* _Description of the task_
Please repeat only the lines below starting at the line that holds "Köbi Kuhn, National Coach" and ending at the line that holds "Figure No. 3.", exactly, with both of those lines included and every picture omitted.

··· Dataset entries ···

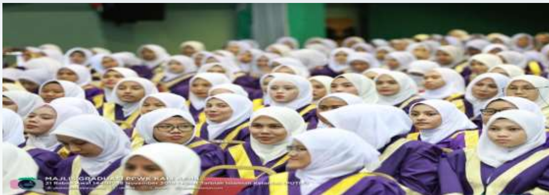
Figure 3. 14th PPWK Graduation Ceremony
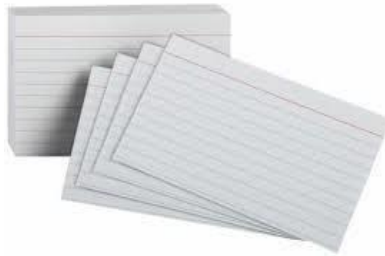
2 packs of Index Cards (3" x 5")
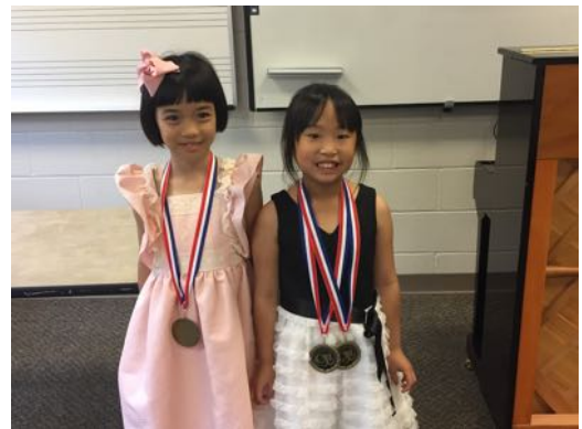
Piano Ensemble A
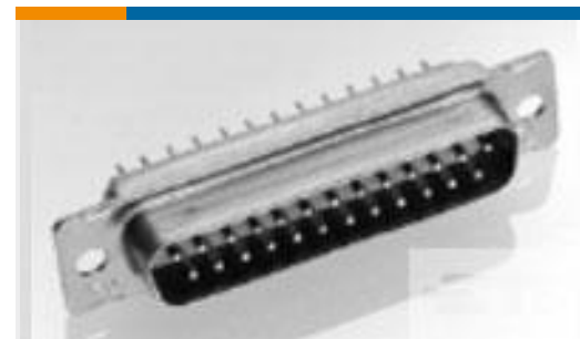
TE Part #1757819-6 AMPLIMITE, ASY, PLUG, STD, 109, ZN, 1, CT
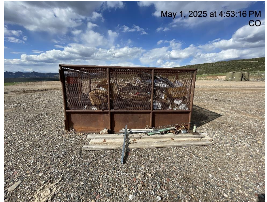
Photo # 8525 Debris laying on the ground near bear proof trash container
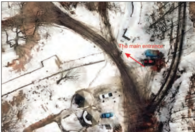
Figure 4. Sarmizegetusa Regia, forestry works done by the site administration. Top: tree felled over the fortification wall. Bottom: the entrance to the fortress impaired by the use of heavy machinery (drone photos by Agent Green, February 2018)
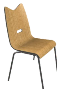
Natural finish (Veneer/Laminate) with M Cut
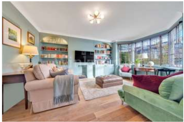
CRICKLEWOOD LANE, NW2 £1,150,000 FREEHOLD
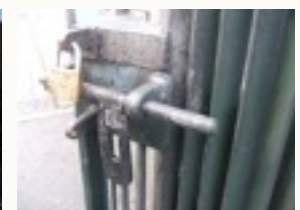
interface communities are often locked in and locked out of society
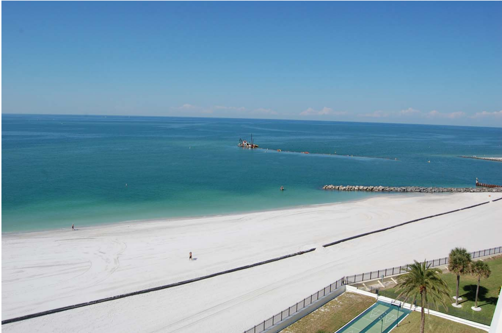
Upham Beach facing northwest (10-20-10)
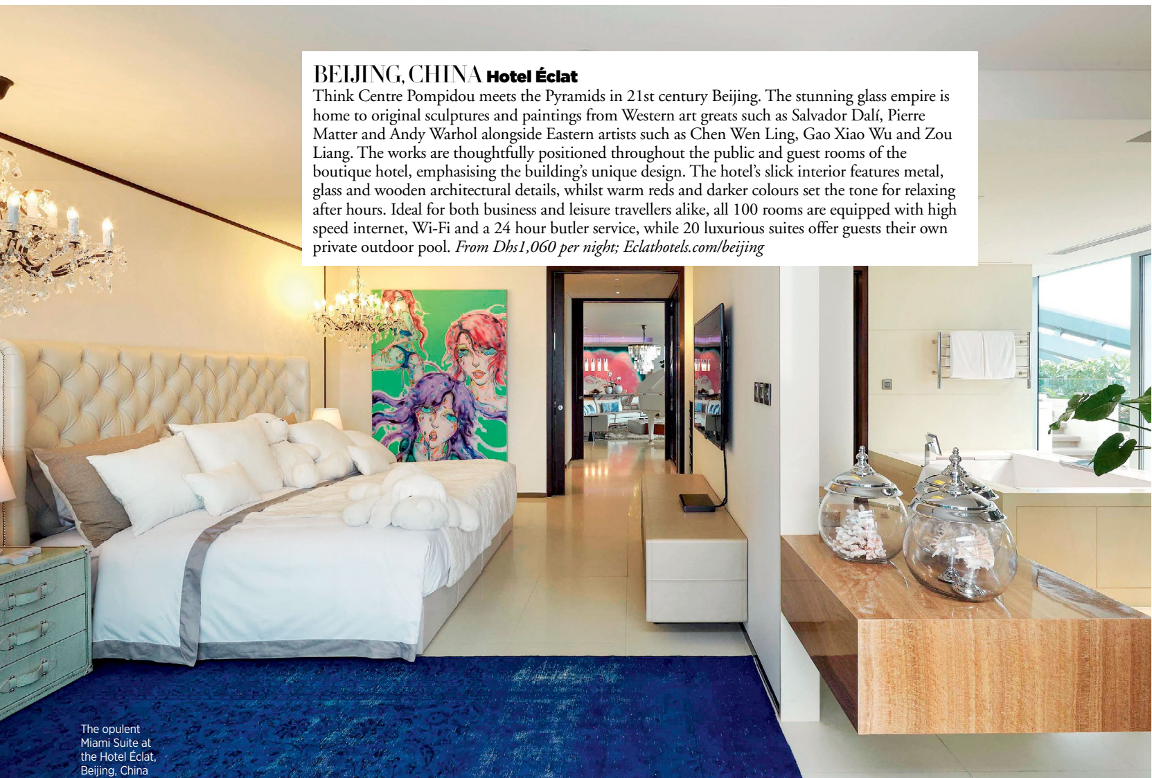
The opulent Miami Suite at the Hotel Éclat, Beijing, China
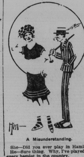
She—Did you ever play in Hamlet? He—Sure thing. Why, I've played in every hamlet in the country.
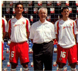
Köbi Kuhn, National Coach
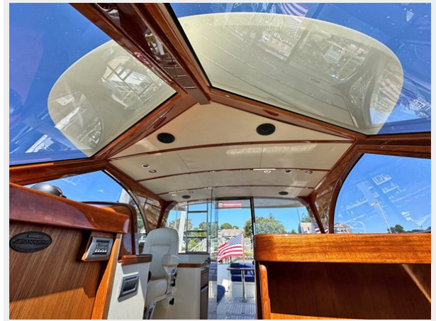
Underside of Hardtop
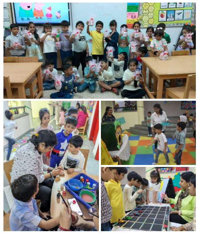
Upper Nursery A

As a loving gesture, each student received specially designed mugs adorned with their favourite characters and a quote- Glitter, Sparkle, Twinkle and Shine.
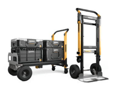
2-IN-1 CONVERTIBLE HAND TRUCK TB-B1-T-20
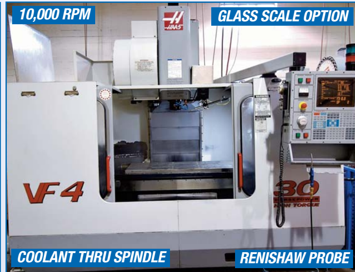
HAAS VF4 CNC VERTICAL MACHINING CENTER
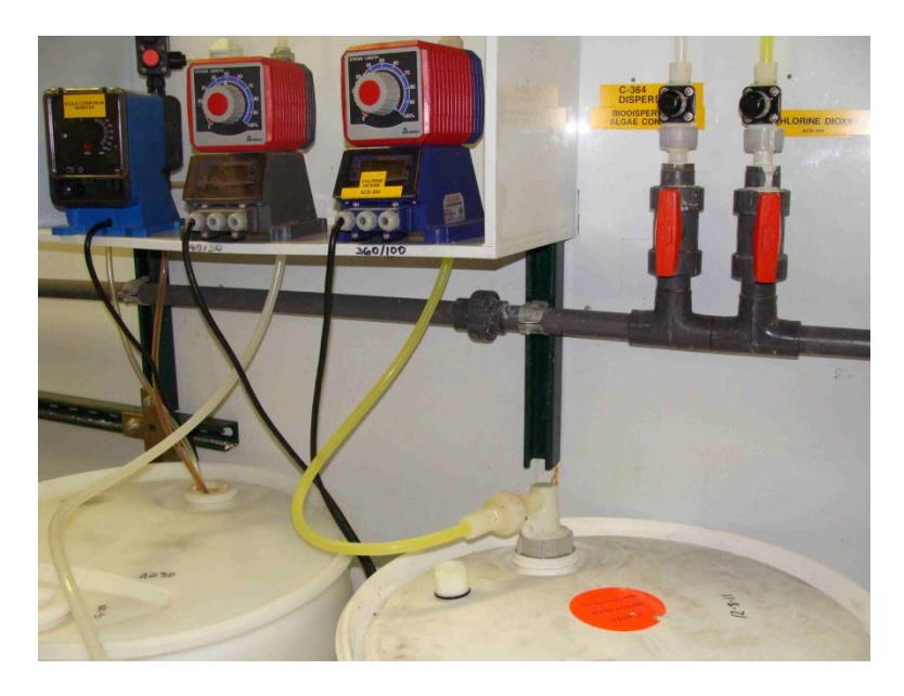
Figure No. 3.

Aqueous chlorine dioxide solution being fed from 55-g container during the trial. Drum fitting (Colder) is high-density polyethylene (HDPE) and tubing from drum to pump is polyethylene. Teflon<sup>®</sup> or Kynar<sup>®</sup> tubing recommended for long-term applications.
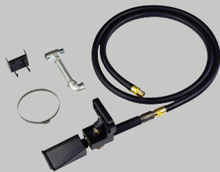
AUXILIARY BEAD SYSTEM (ABS) (PN 85606545)

The Coats® Point of Use Lift System helps you elevate heavy tire and wheel assemblies up to tabletop height with minimal effort.
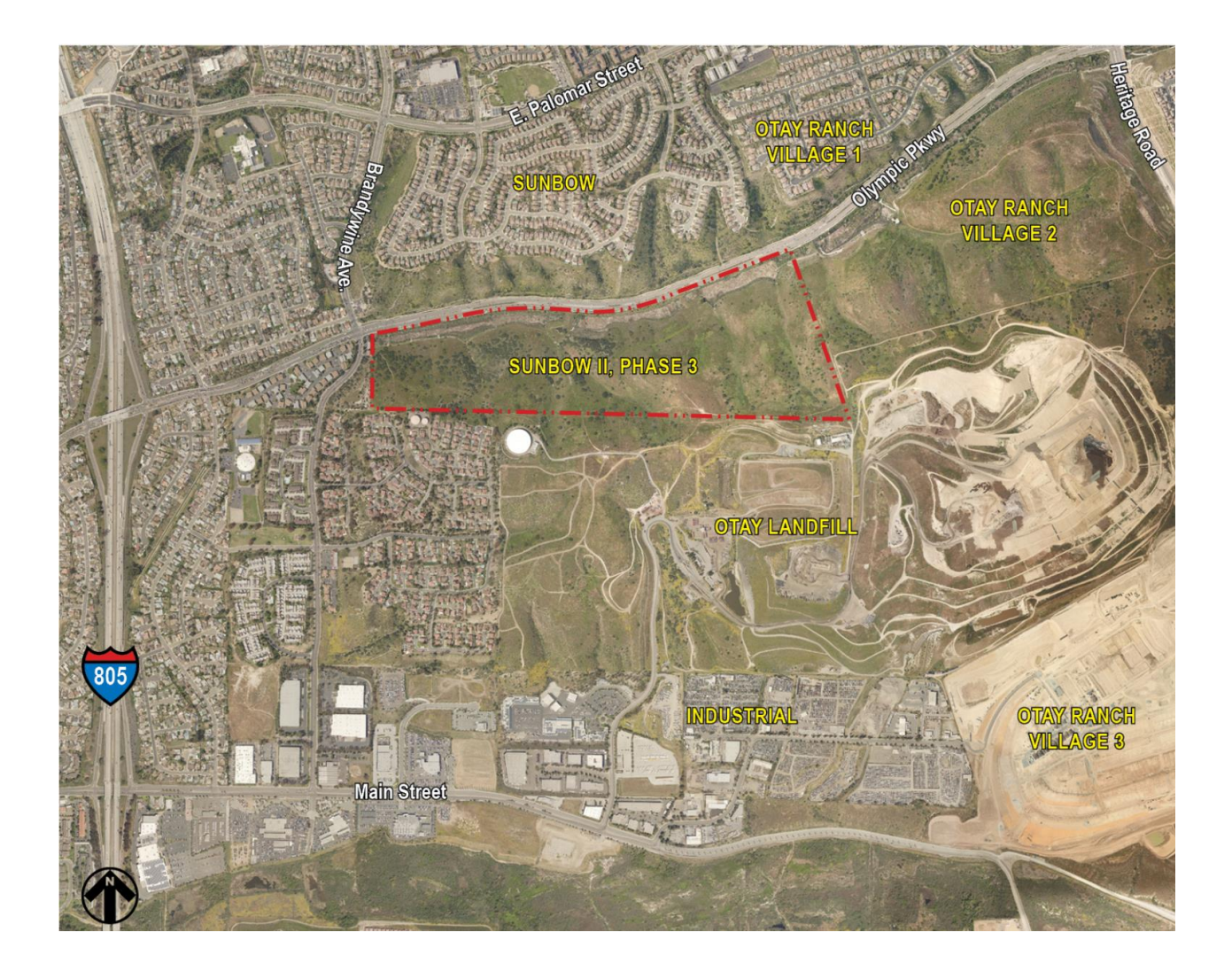
Figure 1 Project Location

···

* _Answer section_
Köbi Kuhn, National Coach
Underside of Hardtop
Upper Nursery A

As a loving gesture, each student received specially designed mugs adorned with their favourite characters and a quote- Glitter, Sparkle, Twinkle and Shine.
2-IN-1 CONVERTIBLE HAND TRUCK TB-B1-T-20
HAAS VF4 CNC VERTICAL MACHINING CENTER
Figure No. 3.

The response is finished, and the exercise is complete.